**HP 41/DM41L and TI-60X: Exponentiation of Large Numbers**

**But Why a Program when we have Button?**

This is true. What this program does is allow for calculation of y^x when results in answers greater than 9.999999999 * 10^9. The number is broken up into the form:

mantissa * 10^exponent

Let n = y^x.
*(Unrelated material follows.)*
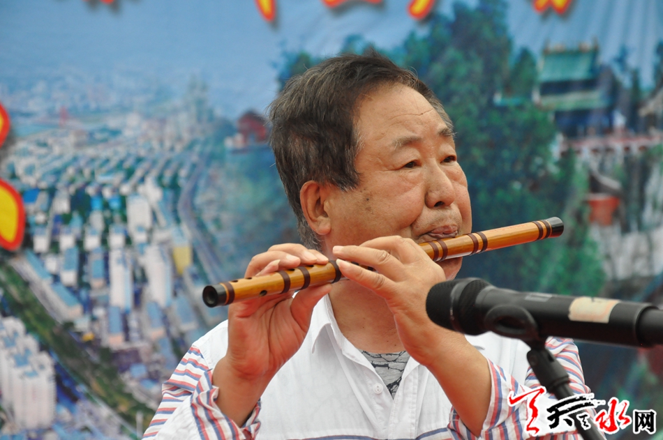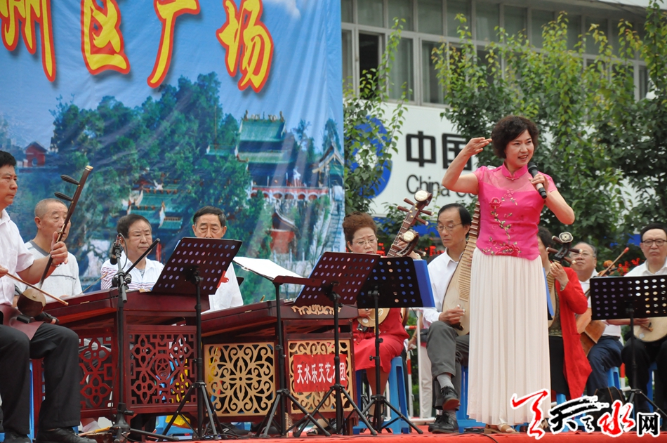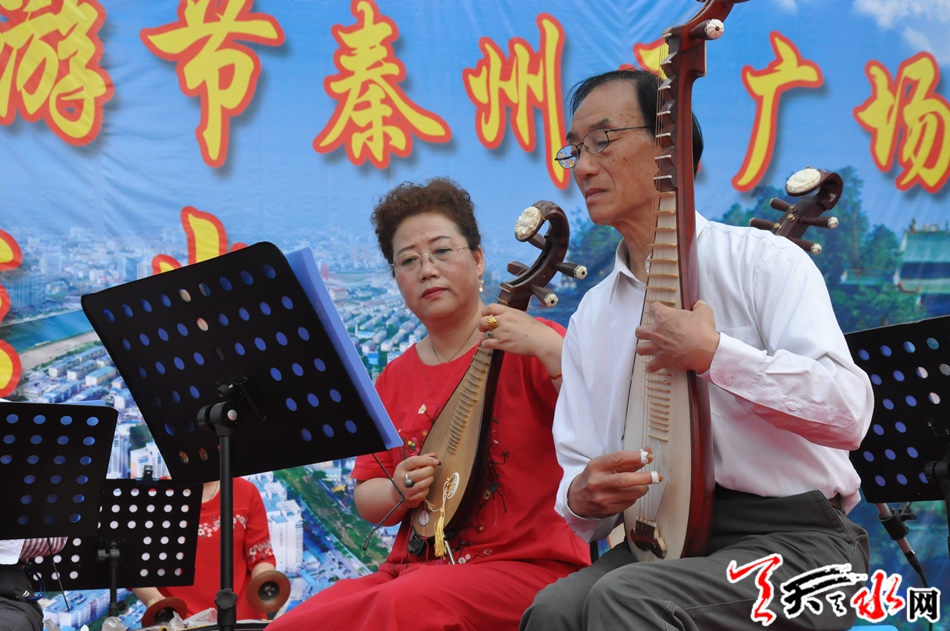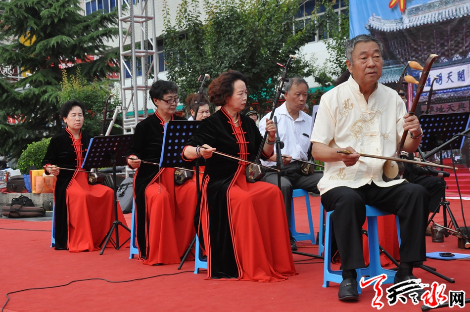 丝竹悠扬,管弦铿锵,来自天水乐天艺术团的几十位声乐艺术家以不同的艺术表现风格,把《喜庆江南》、《赛马》、《战马奔腾》、《我和我的祖国》等14个精彩优美传统音乐奉献给广大市民,整个龙城广场鼓乐喧天,器乐和鸣,浓浓的艺术氛围和欢快的节日气氛沁染着古城天水。

Then:

n = y^x

Taking the logarithm of both sides:

log n = log (y^x)

log n = x log y

A number can be split into its fractional and integer part:

log n = frac(x log y) + int(x log y)

Take the antilog of both sides:

n = 10^( frac(x log y) + int(x log y) )

n = 10^( frac(x log y) ) * 10^( int(x log y) )

where

mantissa = 10^( frac(x log y) )

exponent = int(x log y)

**HP 41/DM 41L Program BIGPOW**

Input:

Y stack: y

X stack: x

Output:

Y: mantissa (shown first)

X: exponent

01 LBL T^BIGPOW

02 X<>Y

03 LOG

04 *

05 ENTER↑

06 FRC

07 10↑X

08 STOP

09 X<>Y

10 INT

11 RTN

**TI-60 Program: Big Powers**

Input:

Store y in R1 and x in R2

Output:

R1 = mantissa (shown first), R2 = exponent

(Step, Key Number, Key)

00, 71, RCL

01, 02, 2

02, 65, *

03, 71, RCL

04, 01, 1

05, 43, log

06, 95, =

07, 61, STO

08, 02, 2

09, 78, Frac

10, 12, INV

11, 43, log

12, 61, STO

13, 01, 1

14, 13, R/S

15, 71, RCL

16, 02, 2

17, 79, Intg

18, 13, R/S

19, 22, RST

**Examples**

Example 1: 25^76. y = 25, x = 76

Result:

Mantissa = 1.75162308

Exponent = 106

25^76 ≈ 1.75162308 * 10^106

Example 2: 78^55.25, y = 78, x = 55.25

Result:

Mantissa = 3.453240284

Exponent = 104

78^55.25 ≈ 3.543240284 * 10^104

Eddie

All original content copyright, © 2011-2019. Edward Shore. Unauthorized use and/or unauthorized distribution for commercial purposes without express and written permission from the author is strictly prohibited. This blog entry may be distributed for noncommercial purposes, provided that full credit is given to the author.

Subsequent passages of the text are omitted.